ロボット工学のバシーガラン博士は、10年の研究の集大成として自分そっくりのロボット「チッティ」を開発する。しかし、善悪の判断や人間社会の常識が分からないチッティは、町に出るとトラブルばかり起こす。博士はチッティに感情を与えるが、感情を知ったチッティは博士の恋人・サナに恋をし、彼女につきまとうように……。
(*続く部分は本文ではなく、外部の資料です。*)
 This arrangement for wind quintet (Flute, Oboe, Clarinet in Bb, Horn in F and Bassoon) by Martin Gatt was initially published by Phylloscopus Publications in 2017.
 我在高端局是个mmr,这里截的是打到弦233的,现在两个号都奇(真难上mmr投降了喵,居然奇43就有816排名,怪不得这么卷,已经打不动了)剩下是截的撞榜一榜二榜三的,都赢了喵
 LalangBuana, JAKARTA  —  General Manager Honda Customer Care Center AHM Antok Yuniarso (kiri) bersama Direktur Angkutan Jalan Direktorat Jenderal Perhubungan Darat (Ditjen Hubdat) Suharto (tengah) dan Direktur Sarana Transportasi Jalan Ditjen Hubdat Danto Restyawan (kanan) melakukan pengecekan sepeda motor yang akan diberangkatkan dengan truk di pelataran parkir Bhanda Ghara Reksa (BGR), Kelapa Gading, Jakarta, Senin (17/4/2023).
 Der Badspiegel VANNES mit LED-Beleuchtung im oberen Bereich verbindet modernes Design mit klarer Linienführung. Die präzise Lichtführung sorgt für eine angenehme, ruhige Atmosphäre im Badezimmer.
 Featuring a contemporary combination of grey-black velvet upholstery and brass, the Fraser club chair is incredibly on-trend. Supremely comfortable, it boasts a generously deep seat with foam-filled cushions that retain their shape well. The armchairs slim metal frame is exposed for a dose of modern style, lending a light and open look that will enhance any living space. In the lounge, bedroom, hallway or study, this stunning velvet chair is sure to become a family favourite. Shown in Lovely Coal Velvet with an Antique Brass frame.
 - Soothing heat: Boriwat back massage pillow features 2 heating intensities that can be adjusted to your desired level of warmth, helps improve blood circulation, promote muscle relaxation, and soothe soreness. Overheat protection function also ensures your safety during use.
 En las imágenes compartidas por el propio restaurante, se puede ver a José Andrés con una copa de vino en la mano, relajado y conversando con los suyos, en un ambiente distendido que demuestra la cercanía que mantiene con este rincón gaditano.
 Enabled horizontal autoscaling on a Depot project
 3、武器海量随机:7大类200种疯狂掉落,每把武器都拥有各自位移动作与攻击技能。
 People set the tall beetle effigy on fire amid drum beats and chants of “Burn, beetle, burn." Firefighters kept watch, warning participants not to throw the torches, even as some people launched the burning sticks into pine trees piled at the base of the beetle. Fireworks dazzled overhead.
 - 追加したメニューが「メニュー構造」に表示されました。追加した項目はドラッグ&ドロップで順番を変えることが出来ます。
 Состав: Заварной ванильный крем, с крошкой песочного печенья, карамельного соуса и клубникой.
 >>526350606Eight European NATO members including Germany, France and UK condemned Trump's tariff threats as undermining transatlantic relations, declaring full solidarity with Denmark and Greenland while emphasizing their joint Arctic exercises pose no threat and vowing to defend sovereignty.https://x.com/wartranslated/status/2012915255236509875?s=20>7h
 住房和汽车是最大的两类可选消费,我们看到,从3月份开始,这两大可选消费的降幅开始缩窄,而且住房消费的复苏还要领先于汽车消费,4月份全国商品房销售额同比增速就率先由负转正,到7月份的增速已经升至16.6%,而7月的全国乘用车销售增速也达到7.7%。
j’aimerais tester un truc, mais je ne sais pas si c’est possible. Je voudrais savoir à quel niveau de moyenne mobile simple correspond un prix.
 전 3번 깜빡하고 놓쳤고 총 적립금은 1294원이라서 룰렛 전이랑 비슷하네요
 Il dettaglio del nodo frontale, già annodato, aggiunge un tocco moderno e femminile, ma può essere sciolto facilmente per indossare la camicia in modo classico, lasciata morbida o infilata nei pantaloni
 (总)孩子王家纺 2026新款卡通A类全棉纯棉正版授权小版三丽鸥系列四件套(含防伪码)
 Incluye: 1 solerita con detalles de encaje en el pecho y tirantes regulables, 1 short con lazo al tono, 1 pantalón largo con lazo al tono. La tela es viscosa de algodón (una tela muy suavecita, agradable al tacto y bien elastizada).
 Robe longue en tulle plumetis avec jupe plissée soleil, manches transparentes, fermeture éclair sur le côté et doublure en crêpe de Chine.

怒った博士によって解体され廃棄されたチッティだったが、バシーガラン博士に恨みを持つボラ博士の手によって改造され、冷酷な殺人マシンとなって復活する……。

感想 (2012年5月12日、109シネマズ富谷にて鑑賞)

いろんな意味で「超絶」な映画。
インド映画界がハリウッドのVFX技術を駆使して生み出したSF超大作。

主演はインドのスーパースター、ラジニカーント。この「スーパースター」ってお世辞でも誇張でもないらしい。オープニング・クレジットで彼の名前がでかでかと……。通称は「スーパースター・ラジニ」だそうです。
今作では、ロボット工学博士のバシーガランと、彼が自分そっくりに作り上げたロボット・チッティの一人二役です。
でも演じ分けという点では、後半チッティが悪いロボットに豹変するので、一人三役と言ってもいいと思う。
アクションもダンスもバリバリこなしてましたが、実はなんと還暦すぎてるオジサン。でも、映画見ただけではギリギリ40代くらいに見えるかな~?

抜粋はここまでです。